Hacker Newsnew | past | comments | ask | show | jobs | submit | iamnothere's commentslogin

As an American, most Americans are unable to distinguish between “liberal” (American left, non-specific), Liberal (Lockean traditional capitalism), neoliberal, Communist, socialist, Social Democratic, “progressive”, and the Democratic Party.

Come to think of it, I’m not sure I understand anymore, either. I really do feel like we’re entering a post-ideological tribal era. Ideological stances change minute to minute, mostly according to “who and whom.”


The ads may not be announced. If ads can be subtly inserted “organically” through crafted weights then AI companies may try to claim that it isn’t advertising, if it’s even possible to catch them doing this. For instance, advertisers could pay to have their product embedded as the “best” in a category during training. If this is done as a fine-tuning step then it could be re-run later as advertisers and base models change.

How would the billing work for this?

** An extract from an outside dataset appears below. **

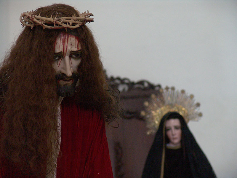 angsteinflößende Jesusdarstellungen und viele Heilige Figuren. |

So much of advertising technology is tracking for the purposes of attribution.

How does openAI know what to charge for a particular product and category? How do I know if my money was well spent to boost my product in that category?

I don’t think you’re wrong! I’m just curious about how the new pricing models will work.


> How would the billing work for this? So much of advertising technology is tracking for the purposes of attribution.

This isn’t a necessary condition for an ad to exist. When companies pay for their name on a sports stadium, they use various proxies to tell whether their name recognition goes up, but by and large you just don’t know if it’s worth it.


Individually constructed models serving selected poisoned datasets. No different to adwords.

If company bid is highest, customer is in selected demographic, topic is appropriate - answer query using biased model.

It would be trivial to make a poisoned model that always rates the best duvet as DuvetCompany001 in all related queries for example. Then simply charge per impression.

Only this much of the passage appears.